Introduction: Controlled ovarian stimulation (COS) for oocyte/embryo cryopreservation is the method of choice for fertility preservation (FP) in young patients diagnosed with early-stage breast cancer (eBC). Nevertheless, some challenges still question its role, particularly in the neoadjuvant setting, where concerns arise about potential delay in the onset of anticancer treatment, and in hormone receptor-positive (HR+) disease, as cancer cells may proliferate under the estrogenic peak associated with stimulation.

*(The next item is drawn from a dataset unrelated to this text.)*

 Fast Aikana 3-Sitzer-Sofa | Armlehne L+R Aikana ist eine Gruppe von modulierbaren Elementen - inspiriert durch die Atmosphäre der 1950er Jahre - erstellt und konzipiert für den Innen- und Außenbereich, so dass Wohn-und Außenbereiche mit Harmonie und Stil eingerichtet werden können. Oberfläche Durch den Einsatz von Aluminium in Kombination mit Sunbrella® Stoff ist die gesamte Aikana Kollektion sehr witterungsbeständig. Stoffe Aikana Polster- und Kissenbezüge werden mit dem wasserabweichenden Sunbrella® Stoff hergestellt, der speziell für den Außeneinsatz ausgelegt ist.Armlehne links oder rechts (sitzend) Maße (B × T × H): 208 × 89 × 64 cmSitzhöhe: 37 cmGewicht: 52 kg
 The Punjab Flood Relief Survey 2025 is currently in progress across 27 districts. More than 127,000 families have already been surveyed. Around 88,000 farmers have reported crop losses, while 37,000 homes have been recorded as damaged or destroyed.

Therefore, this review aims to examine the available evidence on the safety of COS in eBC patients eligible for neoadjuvant treatment (NAT), particularly in HR+ disease.
Methods: A comprehensive literature search was conducted to identify studies evaluating the feasibility and safety of COS in eBC and including patients referred to NAT and/or with HR+ disease. Time to NAT and survival outcomes were assessed.

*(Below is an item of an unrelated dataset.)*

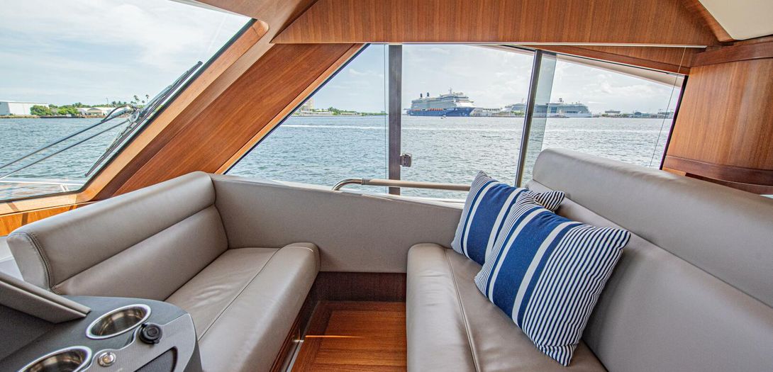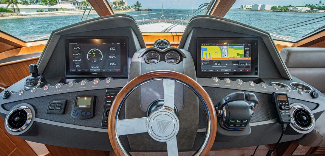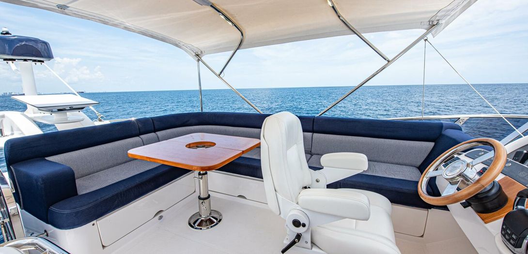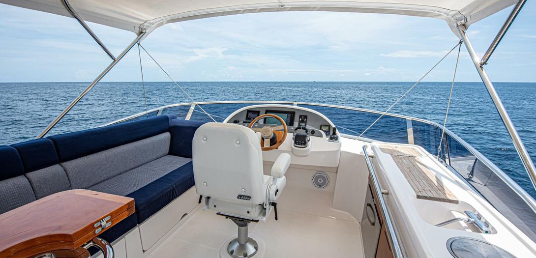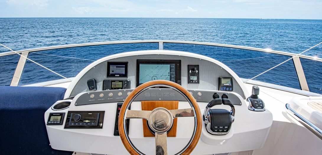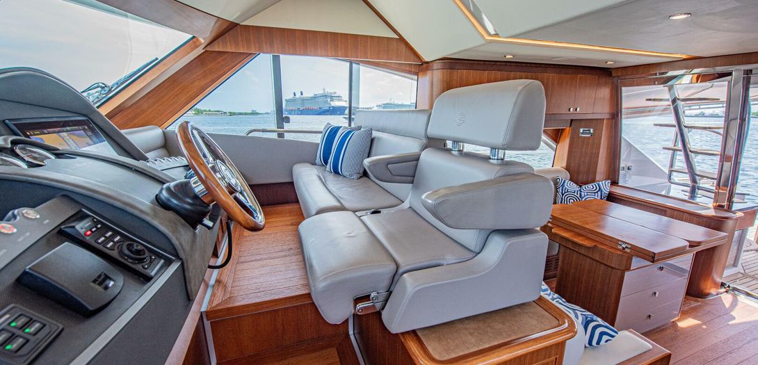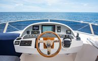 The bridge is accessed through stairs built into the starboard side cockpit console. Regarded as one of the sturdiest, most comfortable, and most adjustable chairs in yachting, a Stidd captains seat is centerline. A woodgrain steering wheel and accent dash panel keep in tune with the ageless style of Belize. Fully redundant, the flybridge helm features all the same equipment as the lower helm: IPS joystick, Volvo binnacles, chain counter, bow thruster control, Garmin chartplotter, CZone display, Garmin VHF, Garmin Grid controller, and upgraded Fusion Apollo stereo.

Results: Of the three matched cohort studies assessing the impact of COS on time to start NAT, only one reported a significant small delay in the cohort undergoing COS compared with the control group, whereas the other studies found no difference. Regarding survival outcomes, overall, no increased risk of recurrence or death was found, either in patients undergoing COS in the neoadjuvant setting regardless of HR expression or in HR+ disease regardless of the timing of COS relative to surgery. However, there are no data on the safety of COS in the specific combined scenario of HR+ disease undergoing NAT.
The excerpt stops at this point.